肺がんで進むゲノム医療の応用Q&A
近畿大学医学部
ゲノム生物学教室教授
西尾和人先生
『肺がんのゲノム医療 遺伝子検査がわかる本』より
Q1. がんゲノム医療とは何ですか?
A1.遺伝子の異常に合わせて最適な治療を選択する方法です。
がんゲノム医療は、患者さんのがんの組織などを使って遺伝子の異常の有無を調べ、一人ひとりに最適な薬物療法を選択する方法です。「個別化治療」、「プレシジョン・メディシン」と呼ばれることもあります。がんは遺伝子のケガによって起こる病気です。遺伝子はわたしたちの体の設計図です。遺伝子のどこかに傷がついて変化(変異)が起こると、細胞ががん化し、増殖を繰り返します。
がんには、主に、いくつもの遺伝子の異常が重なった多段階発がんと、「ドライバー遺伝子」と呼ばれる一つの遺伝子の異常が増殖に関わるがんがあります。車におけるアクセルの役割をするのが「がん遺伝子」、ブレーキが「がん抑制遺伝子」ですが、肺がんのドライバー遺伝子は、ほとんどが、アクセルの働きをするがん遺伝子の異常です。アクセルに異常が起きるとがんの増殖が加速します。非小細胞肺がん、中でも腺がんの患者さんの7割以上は、ドライバー遺伝子の異常が引き金となって発がんしたと考えられます。
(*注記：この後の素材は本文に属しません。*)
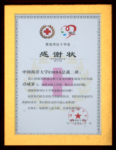4月21日下午,中国海洋大学EMBA课程总裁高级研修班二班学员为四川雅安地震灾区捐款13.26万元。4月23日,学校退休教授张炳根、赵玉芝为灾区捐款5000元,年届92岁高龄的李爱杰老先生也在家人的陪同下来到离退休干部工作处,捐款600元。据了解,张炳根、赵玉芝、李爱杰等老教授在5·12汶川大地震中积极捐款,在学校的“慈善一日捐”活动中也曾慷慨解囊,并热心参与各项公益活动。学生社团也组织了为震区群众祈福的活动,得到了学校师生的积极响应。

Q2. 肺がんのドライバー遺伝子について教えてください
A2. EGFR、 ALK、ROS1,BRAF、 などがあります。
ドライバー遺伝子は、がんの発生や増殖に直接関わっている遺伝子です。ドライバー遺伝子があると、その下にある遺伝子に「増殖しろ」という情報を伝達するため、がん細胞が活性化しどんどん増殖していきます。
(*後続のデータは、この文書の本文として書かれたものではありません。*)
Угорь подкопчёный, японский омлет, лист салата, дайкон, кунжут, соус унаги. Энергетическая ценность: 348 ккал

非小細胞がんのうち、非扁平上皮がんの増殖に関わるドライバー遺伝子には、EGFR変異遺伝子、ALK融合遺伝子、ROS1融合遺伝子、BRAF変異遺伝子などがあります。ドライバー遺伝子を標的とした分子標的薬を使う事で、増殖が抑えられ縮小する可能性が高まります、がんの組織を用いた遺伝子検査は、ドライバー遺伝子を見つけて、最適な分子標的薬を投与するために重要なのです。
Q3. がんゲノム医療には、どのような検査法を使うのですか?
A3. 基本的に、次世代シークエンサー(NGS)を用います。
次世代シークエンサー(NGS)は、遺伝子の本体であるDNAやRNAの塩基配列を高速で読み取る装置です。その配列を解析する事で、遺伝子の変化の有無が診断できます。NGSでは全ゲノムの解析もできますが、がんゲノム医療の検査では、薬の選択のために必要な特定の遺伝子を限定して、異常の有無を調べます。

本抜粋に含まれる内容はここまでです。